I feel sorry for people who are having to switch from the faithful and reliable XP OS’s.
I value my privacy and freedom to much to allow myself to be market materiel for big corporations to data farm your every move and every existing moment, even while you sleep.
They are trying their best to infiltrate Win XP with their data farming files like this SearchFilterHost.exe does.
I never had any issues with my computer until just lately it took over my Windows Explorer search option and if I wanted to use it I had to use the “click here to use the search companion”.
I own my computer and I want to have the right to go into any folder I chose and delete files and folder at my own risk and not be denied by any OS like Win, 7, 8, 8.1, and 10.
Those OS’s interface, Desktops look like Win 95.
They took parts of Win 95, 98SE, Xp and added made them so you couldn’t edit your system to to stop the invasion and data farming your personal life.
KirkH420
“search companion” is almost 100% of the time related to: YOU have installed some sort of toolbar.
More often than not, this happens when you downloaded and installed some Freeware/Shareware. You are responsible for what is on your machine regardless of how it got there, especially illegal things. When you install anything, you need to read every page of the installer and you MUST watch for checkboxes and radiobuttons. Freeware usually comes with some “Bonus Extras” which you do not want on your machine and they ALWAYS are preset as YES-install. These toolbar things (google toolbar, ask toolbar, bing toolbar), while they might have the name of a reputable company they are using those toolbars to track every single thing you search for and probably a lot more than that.

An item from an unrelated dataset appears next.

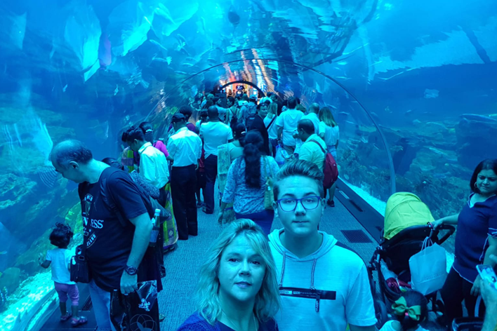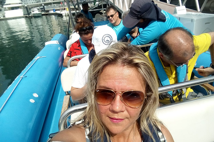 Abbiamo deciso di fare un’escursione in barca per ammirare Dubai da un’altra prospettiva e vedere l’iconico Atlantis The Palm. Il mare era piatto come una tavola almeno all’inizio, in pochi minuti, la situazione è cambiata completamente. Le onde sono diventate altissime e la nostra barchetta, cominciava a essere sballottata da una parte all’altra. Il cielo si era improvvisamente coperto, ero nel panico, volevo “buttarmi giù” dalla barca; nel frattempo Simone, mio figlio, all’epoca alunno del nautico cercava di rassicurarmi. Ma io, nel dubbio, ho pregato tutti i santi possibili, quella mezz’ora mi è sembrata un’eternità!

The only way to avoid this type of thing is to be vigilant against installing Freeware. You should ALWAYS choose an Open Source option for all your software needs unless you prefer to pay for brand name software. You should keep in mind that just because you Paid for some software, that does not mean that they aren’t selling your data. So again I will give credit to the Open Source community, you will not find such things there. Open Source means that any Coder could open the software’s source code, look at it’s guts, see how it works and if were any malicious code it would become public information pretty quick.
Jay Paxton
Oh..I forgot to tell you how to get rid of that trash..
use File ASSaSSIN to delete those files.
there’s about 4 or 5 of them, all right together.
if you get a cant delete message don’t worry, just keep ahmmering them and soon FileASSASSIN will delete them.
Jack Sparrow
Jay Paxton – you’re a tool. Take your tinfoil hat and gtfo.
KirkH420
There’s nothing pathetic than the types of “computer users” who refuse every new version of Windows. That guy really thinks staying on the MOST hackable and MOST targeted for hacking version of windows still in existence?
There are Penetration Testing classes teaching that exact thing as intro to hacking 101 (you want to learn about hacking, go to kali.org, they have tutorials and some of the first machines you need to learn to compromise are XP hosts). That guy might be one of the worse ones because usually they whine about upgrading until the security support ends and in this case he should have moved to 7 when that happened. When he does end up using a newer OS he’s not going to understand anything about it which will make him 10x more vulnerable than my Grampa using his win10 PC.
Yatsura
There is no tinfoil needed anymore, since the news started talking about NSA contracts with Microsoft to observe everyones homes via X-Box-Kinect-Cameras.